Crime & Gun Control

Even With Death Penalty, Most Killers Walk

Executions hit a four-decade high in the United States in 1997, implying that more murderers are being executed more quickly. But editor David Frum says that committing murder is still nine times safer than being drafted during the Vietnam War.

That's true although nearly 500,000 Americans were murdered in the two decades since capital punishment was resumed.

  • From the beginning of 1977 through the end of 1996, American state and federal juries condemned more than 5,500 murders to death.

  • In 1997, 74 killers were put to death, bringing the total since capital punishment resumed to 432.

  • By contrast, in the 1930s the country executed between 150 and 200 criminals per year.

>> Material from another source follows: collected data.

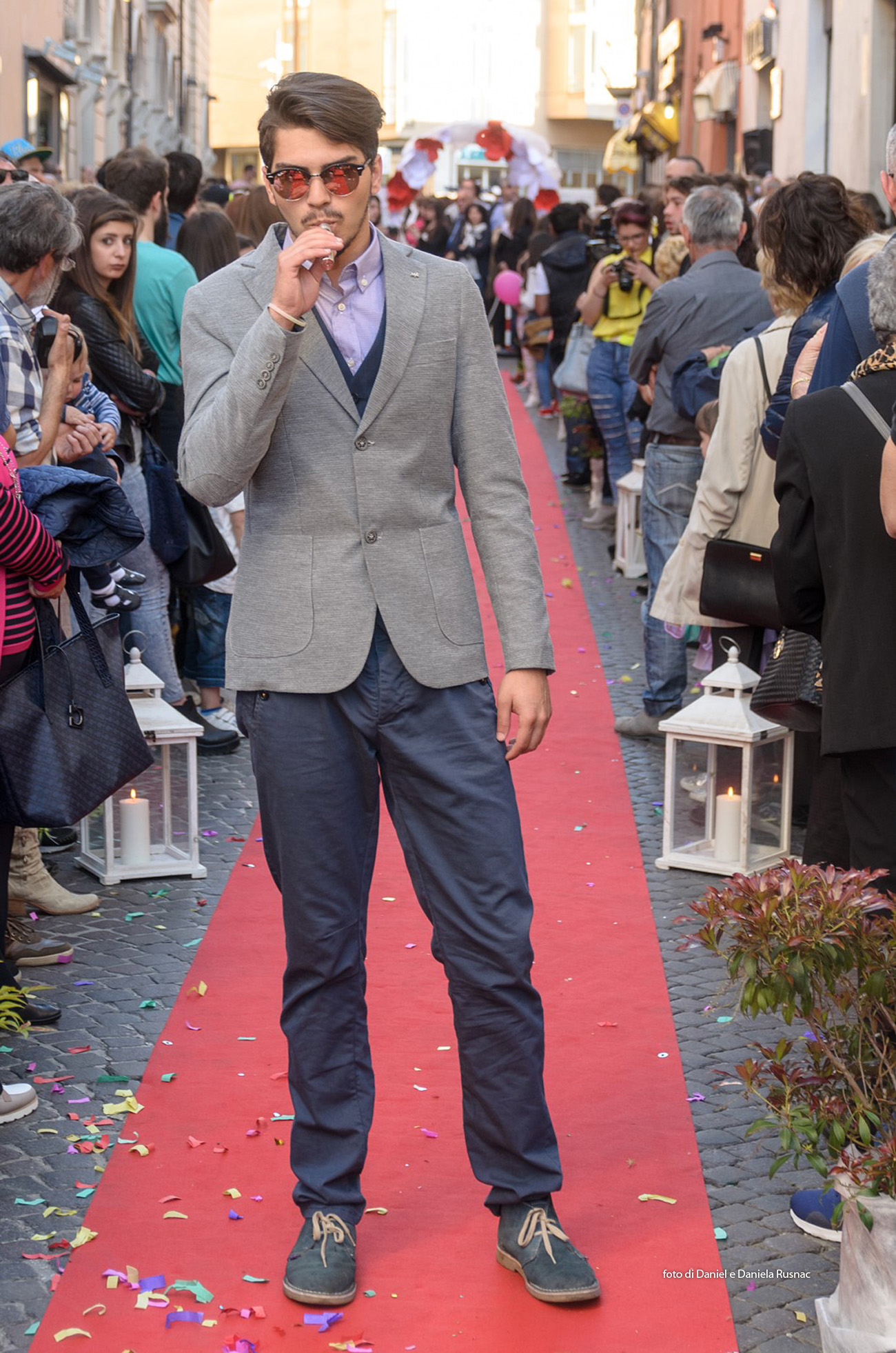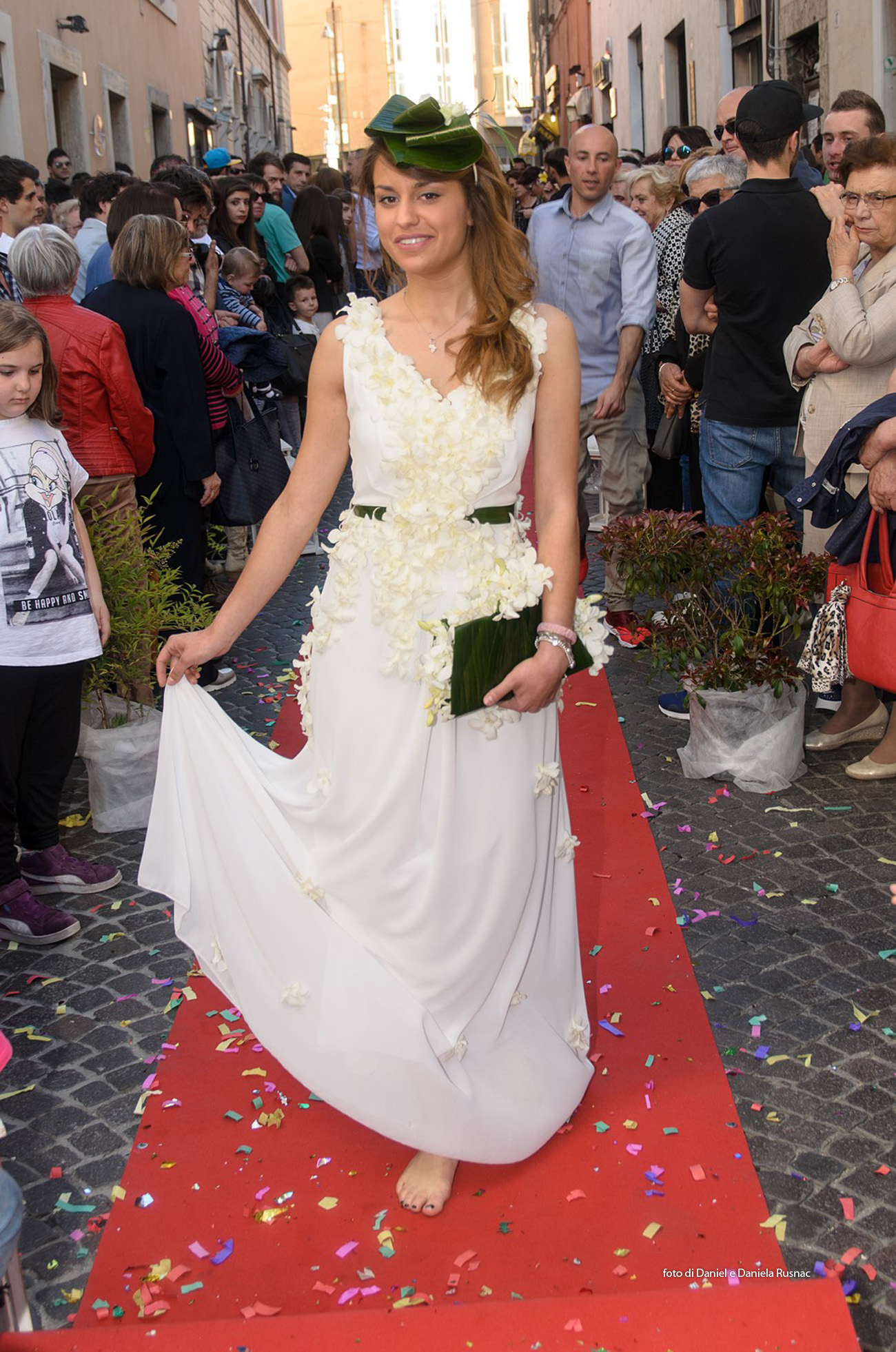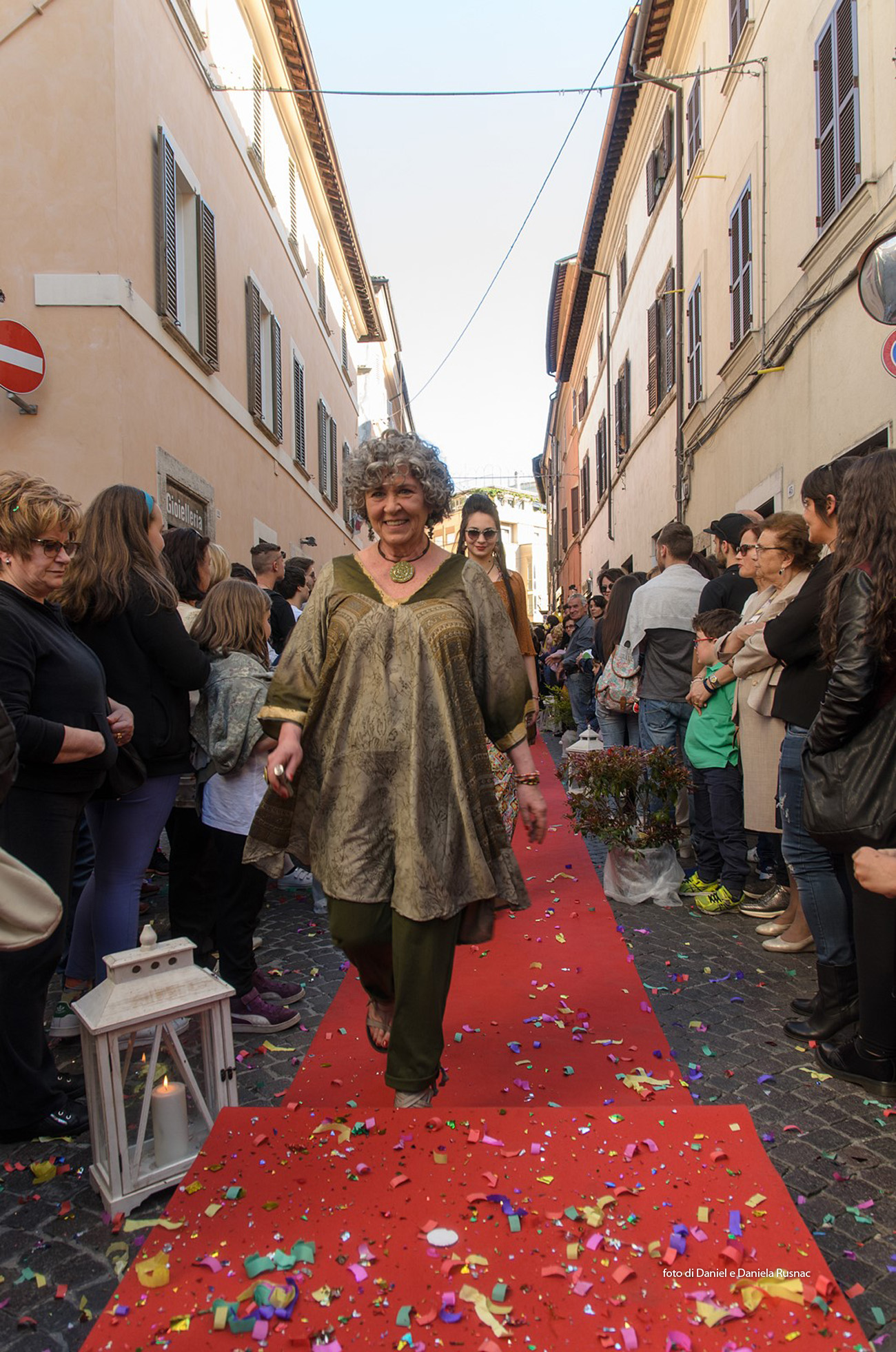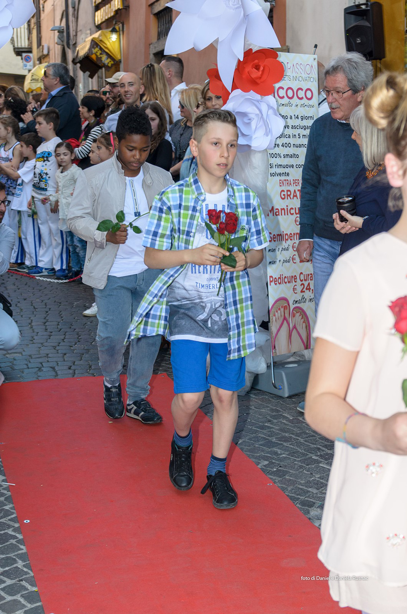 Modelle e modelli hanno sfilato sul red carpet allestito direttamente su strada per presentare le nuove collezioni e una speciale sorpresa floreale.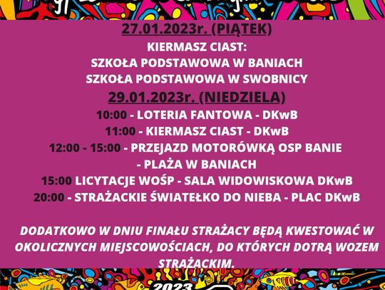 -Tym razem zapraszamy mieszkańców na plażę bańską oraz do centrum miejscowości. Na plaży strażacy wraz z wolontariuszami będą zbierać pieniążki do puszki. W ramach tej akcji będzie możliwość przepłynięcia łodzią w zimowych warunkach po naszym jeziorze. Dodatkowo będzie można zwiedzić i zobaczyć strażackie wozy. Na plaży będzie płonąć ognisko aby każdy, kto wspomógł WOŚP i przepłynął łodzią, mógł się ogrzać. Następnie przeniesiemy się do centrum, gdzie również w ramach akcji zbierania pieniążków do puszki będzie można pojeździć wozami strażackimi, zwiedzać wozy, używać sprzętu strażackiego. Nasi strażacy będą stacjonować na plaży od około 11:30. W zależności od zainteresowania mieszkańców czas pobytu będzie ustalany na bieżąco. W centrum widzimy się około 14:00. Również czas pobytu i możliwości przejażdżki w zależności od zainteresowania. Zapraszamy do wspólnego kwestowania! 0 informują strażacy z OSP w Baniach.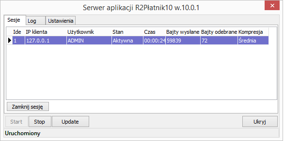 Okno serwera pokazuje aktualnie aktywne sesje. Przycisk Zamknij sesję zamyka dowolną działającą sesję.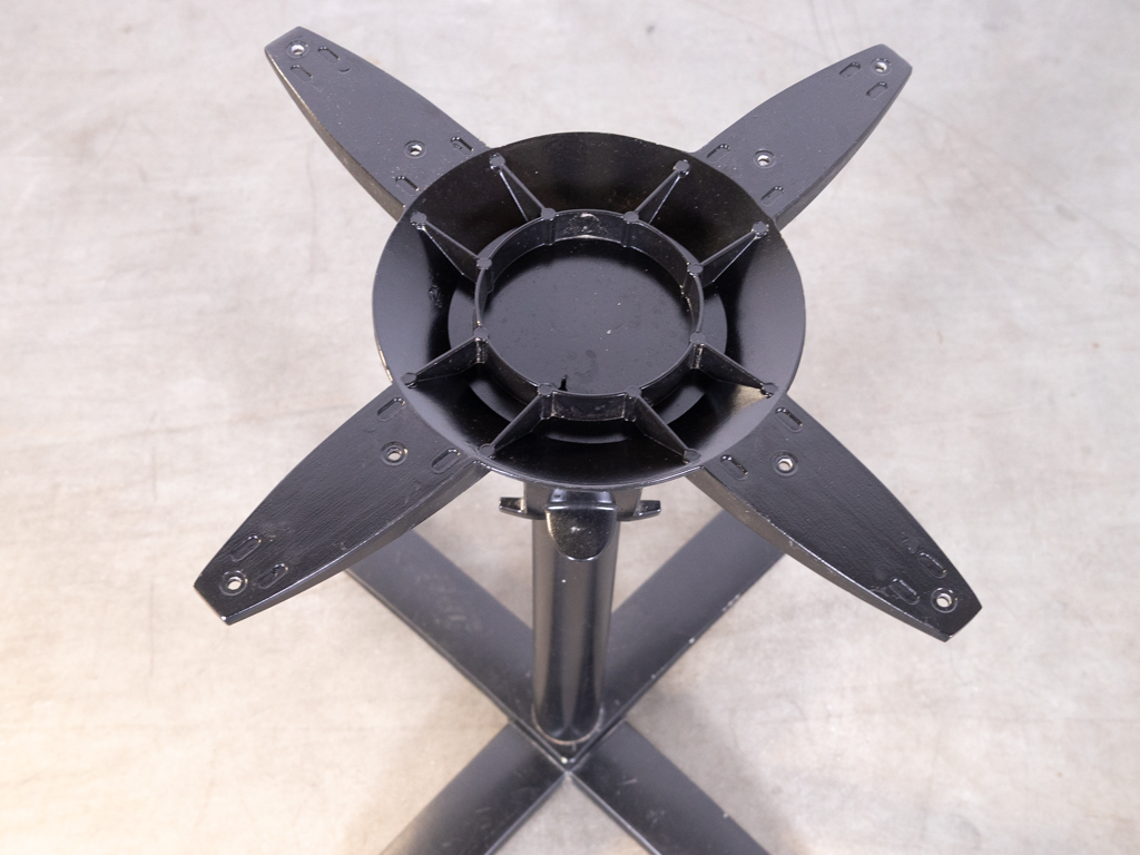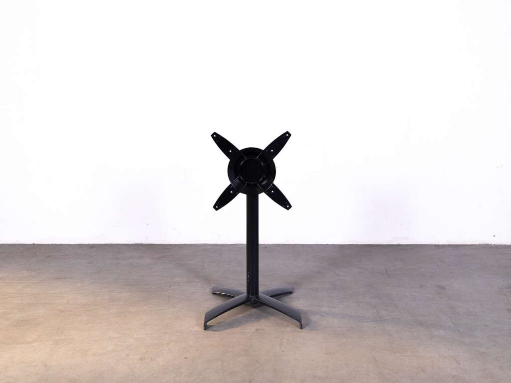 Klap-tafelonderstel Erik 4T zwart is een praktisch en stevig horeca tafelonderstel, uitgevoerd in zwart aluminium. Dankzij het lichte gewicht is dit onderstel eenvoudig te verplaatsen, wat het ideaal maakt voor gebruik op terrassen en in flexibele horecaruimtes.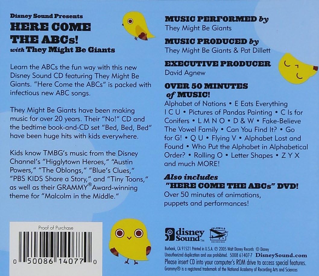 Here Come the ABCs is the second children’s album and eleventh studio album by alternative rock band They Might Be Giants, aimed at young children learning the alphabet.

  • And if we remove one state from the 1997 total -- Texas -- the number of executions in the other 49 actually dropped from 1996.

Furthermore, the length of time it takes to carry out a death sentence has steadily risen since 1976. Criminals executed in 1985 spent an average of six years on death row; those executed in 1990 an average of eight and a quarter years; and criminals executed in 1996 waited an average of ten and a half years.

Life sentences aren't being carried out either.

  • The average killer, criminologist John DiIulio estimates, spends just eight and a half years in jail.

  • Despite the half-million slayings since 1976, only about 100,000 killers are in prison today.

  • In other words, some 70 percent of the men and women who have killed someone over the past two decades have either been released from prison or never were incarcerated the first place.

And all together, 94 percent of the killers sentenced to death since 1976 have evaded the punishment meted out to them by judge and jury.